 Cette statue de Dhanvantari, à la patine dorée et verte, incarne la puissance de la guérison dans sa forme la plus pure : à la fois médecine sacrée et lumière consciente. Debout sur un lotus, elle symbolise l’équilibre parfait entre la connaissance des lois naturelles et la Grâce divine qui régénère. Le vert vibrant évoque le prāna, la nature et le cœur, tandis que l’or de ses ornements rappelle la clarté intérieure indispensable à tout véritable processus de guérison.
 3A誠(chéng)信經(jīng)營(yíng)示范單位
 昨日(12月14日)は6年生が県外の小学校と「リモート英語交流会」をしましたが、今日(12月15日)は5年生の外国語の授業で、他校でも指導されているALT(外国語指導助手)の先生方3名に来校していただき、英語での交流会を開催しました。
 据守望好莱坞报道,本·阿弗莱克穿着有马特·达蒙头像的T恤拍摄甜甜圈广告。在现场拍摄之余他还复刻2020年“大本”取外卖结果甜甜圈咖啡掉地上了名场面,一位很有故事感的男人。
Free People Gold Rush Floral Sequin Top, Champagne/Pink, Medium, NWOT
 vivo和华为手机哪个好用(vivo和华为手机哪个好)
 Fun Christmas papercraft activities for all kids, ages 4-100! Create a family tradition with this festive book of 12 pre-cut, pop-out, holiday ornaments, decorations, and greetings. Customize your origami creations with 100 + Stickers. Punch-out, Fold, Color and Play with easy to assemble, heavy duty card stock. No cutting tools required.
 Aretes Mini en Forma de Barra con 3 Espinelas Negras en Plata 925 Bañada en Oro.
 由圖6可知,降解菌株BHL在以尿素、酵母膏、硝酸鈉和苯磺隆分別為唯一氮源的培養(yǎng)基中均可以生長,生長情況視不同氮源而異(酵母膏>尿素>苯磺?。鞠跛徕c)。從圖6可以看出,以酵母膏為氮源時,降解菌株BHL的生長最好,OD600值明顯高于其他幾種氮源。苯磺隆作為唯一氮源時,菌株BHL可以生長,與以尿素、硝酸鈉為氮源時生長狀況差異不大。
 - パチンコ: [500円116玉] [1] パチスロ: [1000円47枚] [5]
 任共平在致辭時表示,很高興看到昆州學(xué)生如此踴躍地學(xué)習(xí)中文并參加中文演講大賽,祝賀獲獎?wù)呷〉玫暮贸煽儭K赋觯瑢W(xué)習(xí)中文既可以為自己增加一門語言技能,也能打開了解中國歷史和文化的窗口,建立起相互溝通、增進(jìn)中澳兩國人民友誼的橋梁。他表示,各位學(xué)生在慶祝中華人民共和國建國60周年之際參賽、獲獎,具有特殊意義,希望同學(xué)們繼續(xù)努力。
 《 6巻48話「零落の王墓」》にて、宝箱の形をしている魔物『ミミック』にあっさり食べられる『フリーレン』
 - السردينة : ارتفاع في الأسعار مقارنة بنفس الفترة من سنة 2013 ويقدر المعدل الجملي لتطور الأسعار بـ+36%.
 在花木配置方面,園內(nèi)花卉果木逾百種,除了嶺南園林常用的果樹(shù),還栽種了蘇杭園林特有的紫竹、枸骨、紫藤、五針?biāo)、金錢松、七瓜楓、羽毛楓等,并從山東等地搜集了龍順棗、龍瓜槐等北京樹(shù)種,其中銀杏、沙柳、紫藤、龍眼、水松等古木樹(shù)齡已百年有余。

* TASK BRIEF
Keeping every word in place, restate the entries above.

* TASK ANSWER
 Cette statue de Dhanvantari, à la patine dorée et verte, incarne la puissance de la guérison dans sa forme la plus pure : à la fois médecine sacrée et lumière consciente. Debout sur un lotus, elle symbolise l’équilibre parfait entre la connaissance des lois naturelles et la Grâce divine qui régénère. Le vert vibrant évoque le prāna, la nature et le cœur, tandis que l’or de ses ornements rappelle la clarté intérieure indispensable à tout véritable processus de guérison.
 3A誠(chéng)信經(jīng)營(yíng)示范單位
 昨日(12月14日)は6年生が県外の小学校と「リモート英語交流会」をしましたが、今日(12月15日)は5年生の外国語の授業で、他校でも指導されているALT(外国語指導助手)の先生方3名に来校していただき、英語での交流会を開催しました。
 据守望好莱坞报道,本·阿弗莱克穿着有马特·达蒙头像的T恤拍摄甜甜圈广告。在现场拍摄之余他还复刻2020年“大本”取外卖结果甜甜圈咖啡掉地上了名场面,一位很有故事感的男人。
Free People Gold Rush Floral Sequin Top, Champagne/Pink, Medium, NWOT
 vivo和华为手机哪个好用(vivo和华为手机哪个好)
 Fun Christmas papercraft activities for all kids, ages 4-100! Create a family tradition with this festive book of 12 pre-cut, pop-out, holiday ornaments, decorations, and greetings. Customize your origami creations with 100 + Stickers. Punch-out, Fold, Color and Play with easy to assemble, heavy duty card stock. No cutting tools required.
 Aretes Mini en Forma de Barra con 3 Espinelas Negras en Plata 925 Bañada en Oro.
 由圖6可知,降解菌株BHL在以尿素、酵母膏、硝酸鈉和苯磺隆分別為唯一氮源的培養(yǎng)基中均可以生長,生長情況視不同氮源而異(酵母膏>尿素>苯磺?。鞠跛徕c)。從圖6可以看出,以酵母膏為氮源時,降解菌株BHL的生長最好,OD600值明顯高于其他幾種氮源。苯磺隆作為唯一氮源時,菌株BHL可以生長,與以尿素、硝酸鈉為氮源時生長狀況差異不大。
 - パチンコ: [500円116玉] [1] パチスロ: [1000円47枚] [5]
 任共平在致辭時表示,很高興看到昆州學(xué)生如此踴躍地學(xué)習(xí)中文并參加中文演講大賽,祝賀獲獎?wù)呷〉玫暮贸煽儭K赋觯瑢W(xué)習(xí)中文既可以為自己增加一門語言技能,也能打開了解中國歷史和文化的窗口,建立起相互溝通、增進(jìn)中澳兩國人民友誼的橋梁。他表示,各位學(xué)生在慶祝中華人民共和國建國60周年之際參賽、獲獎,具有特殊意義,希望同學(xué)們繼續(xù)努力。
 《 6巻48話「零落の王墓」》にて、宝箱の形をしている魔物『ミミック』にあっさり食べられる『フリーレン』
 - السردينة : ارتفاع في الأسعار مقارنة بنفس الفترة من سنة 2013 ويقدر المعدل الجملي لتطور الأسعار بـ+36%.
 在花木配置方面,園內(nèi)花卉果木逾百種,除了嶺南園林常用的果樹(shù),還栽種了蘇杭園林特有的紫竹、枸骨、紫藤、五針?biāo)、金錢松、七瓜楓、羽毛楓等,并從山東等地搜集了龍順棗、龍瓜槐等北京樹(shù)種,其中銀杏、沙柳、紫藤、龍眼、水松等古木樹(shù)齡已百年有余。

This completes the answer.